Citizen health and prosperity depends on a range of basic needs such as a safe water supply, reliable waste management, energy, shelter and food. Stability in these essentials builds confidence, supports health, education and access to employment among many other benefits.
Stability holds in place what has been gained while competitive capacity enables an entrepreneur, a community or a city to effectively act when new opportunities arises. Competing interests that operate in a system that fosters dependable or fair ways of balancing conflicts can lead to new growth. This is often reflected in a justice system that ensures common laws and values are respected, that competitive actions don’t become a means of exploitation. People need to know they are being treated fairly or healthy competition will be undermined. Political stability means that at group, institutional and geographic levels, different parts of a city have a means of working out their differences, living out the constant negotiation that city life requires in cultural, economic and social arenas.
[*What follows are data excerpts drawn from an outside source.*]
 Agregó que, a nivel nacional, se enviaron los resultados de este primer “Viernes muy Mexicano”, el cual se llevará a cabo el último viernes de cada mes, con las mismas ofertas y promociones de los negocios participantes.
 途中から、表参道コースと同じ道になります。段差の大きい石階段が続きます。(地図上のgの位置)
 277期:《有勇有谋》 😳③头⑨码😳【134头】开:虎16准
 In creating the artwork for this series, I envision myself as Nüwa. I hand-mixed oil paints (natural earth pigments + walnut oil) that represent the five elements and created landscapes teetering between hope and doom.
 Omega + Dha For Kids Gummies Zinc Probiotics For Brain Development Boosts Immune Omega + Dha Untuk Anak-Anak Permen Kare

A means of working out differences gives confidence to people who may move there, to business who grow there or expand there from other cities. Competitiveness ensures the movement of goods is consistent, that transportation options are flexible and that citizens can move around the city in pursuit of work, family, recreation, culture and health care needs. Competitiveness means much more simple economic function. Evaluating how competitive a given city is must take these deeply connected functions into consideration.
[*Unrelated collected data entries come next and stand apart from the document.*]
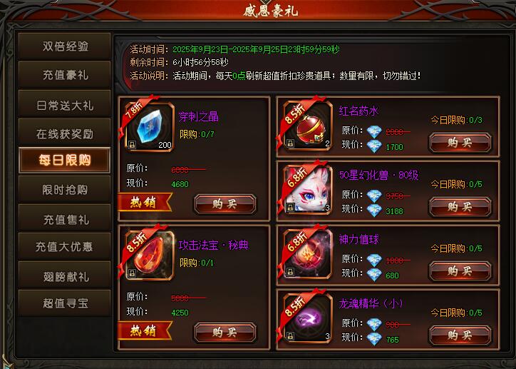 活动内容:活动期间,每天0点刷新超值折扣珍贵道具! 数量优先,切勿错过!!
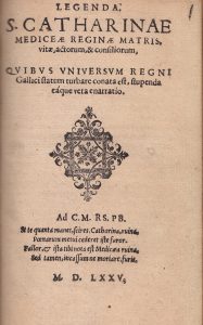 « LEGENDA S. CATHARINAE MEDICAE, REGINAE MATRIS, vitae, actorum et consiliorum quibus universum regni Gallici statum turbare conata est, stupenda eaque vera enarratio » Non situé. 1575. Il s’agit du plus célèbre pamphlet publié sans nom...
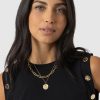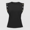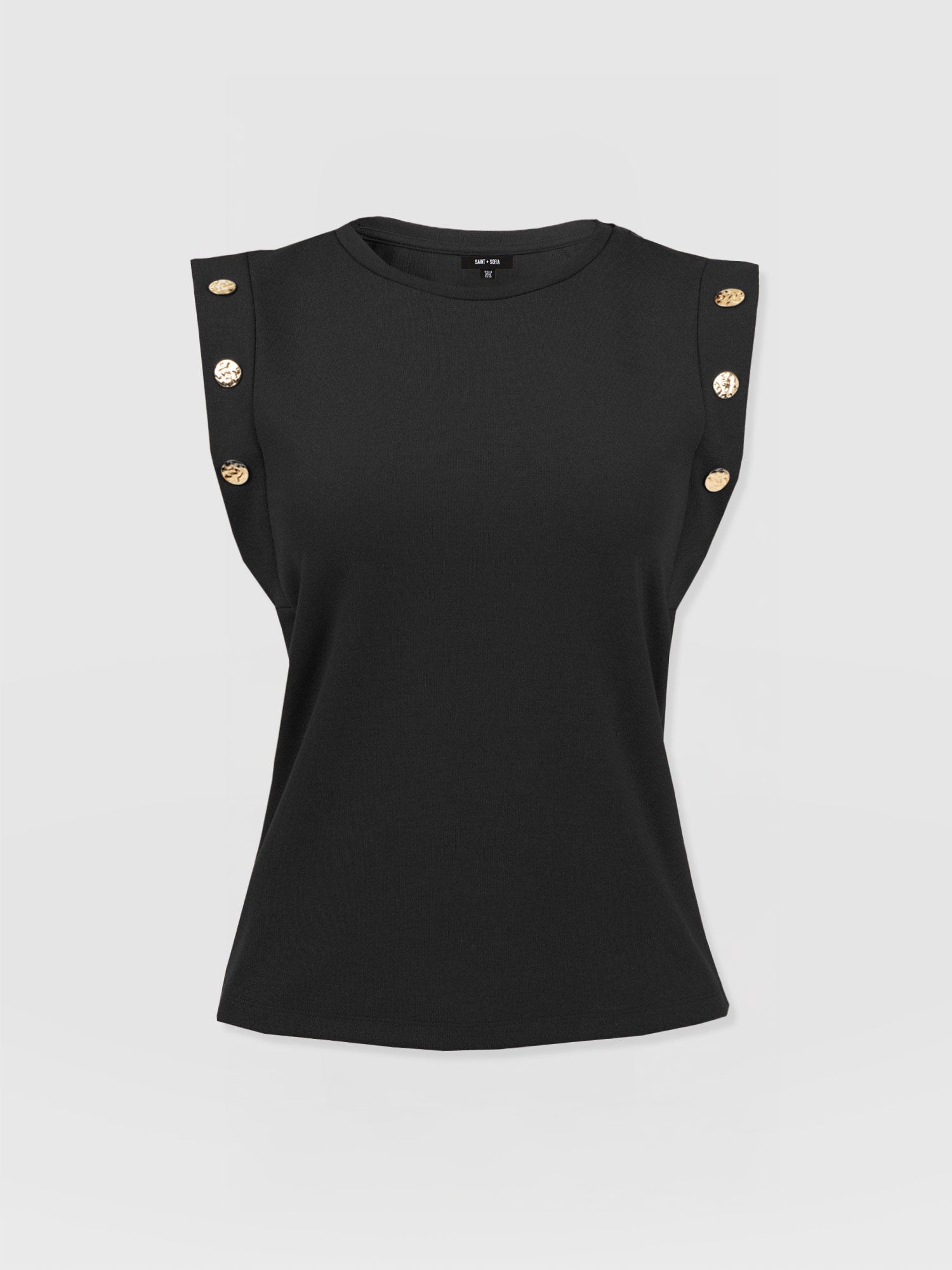 A staple T-shirt to add to your everyday collection, The Rowan Tee in Black is a casual design made from soft and gentle cotton. It’s shaped to a relaxed fit with a sleeveless frame to add some edge to the classic crew neck silhouette. At the sleeves, gold-toned molten buttons trace up the sides for a sophisticated touch. Pair yours with the Finsbury Pant or Wide Leg Jeans and your favourite trainers for a comfortable and always-on-trend look.
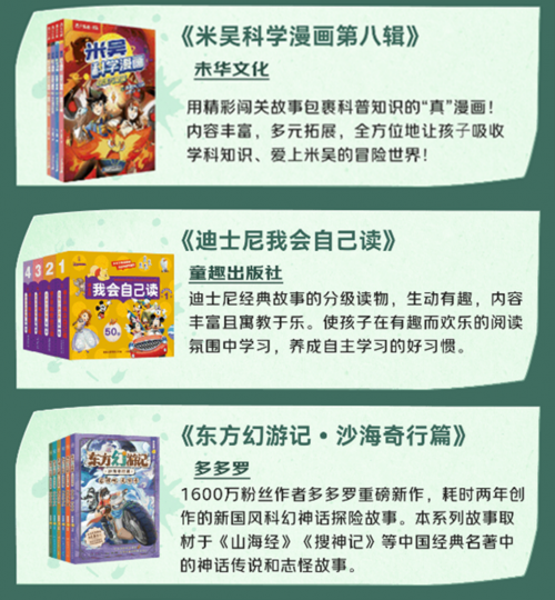 若你想給孩子選讀物,為日常添趣味,這三本書堪稱優(yōu)質(zhì)之選。由未華文化打造的《米吳科學(xué)漫畫第八輯》,以精彩的闖關(guān)故事為載體,將科普知識(shí)巧妙融入其中,打造出“真”漫畫質(zhì)感,讓科普學(xué)習(xí)不再枯燥。由童趣出版社推出《迪士尼我自己會(huì)讀》,書中內(nèi)容生動(dòng)有趣、豐富多樣,為孩子的閱讀啟蒙與成長(zhǎng)助力?!稏|方幻游記?沙海奇行篇》的作者多多羅以《山海經(jīng)》《搜神記》等中國(guó)經(jīng)典名著中的神話傳說(shuō)、志怪故事為創(chuàng)作根基,結(jié)合巧思與創(chuàng)新,為孩子帶來(lái)全新的有趣故事!
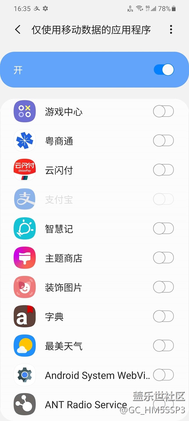支付寶被限_僅使用移動數(shù)據(jù)的應(yīng)用程序 圖片

Cities are always changing as are the conditions that shape them – weather, political realities in nearby communities, national or international actions – all of this requires communities and cities to adapt socially, culturally and even physically. This kind of resilience enables cities to remain healthy when factors outside their control impact what they do, leading to efficient coordination of functions over time. This adaptive capacity is a key element in competitiveness over the longer time-scales that city prosperity requires. Citizens experience that dynamic stability through a wide range of new opportunities. These opportunities in turn are dependent on the complex mix of basic needs that a city must provide for citizens.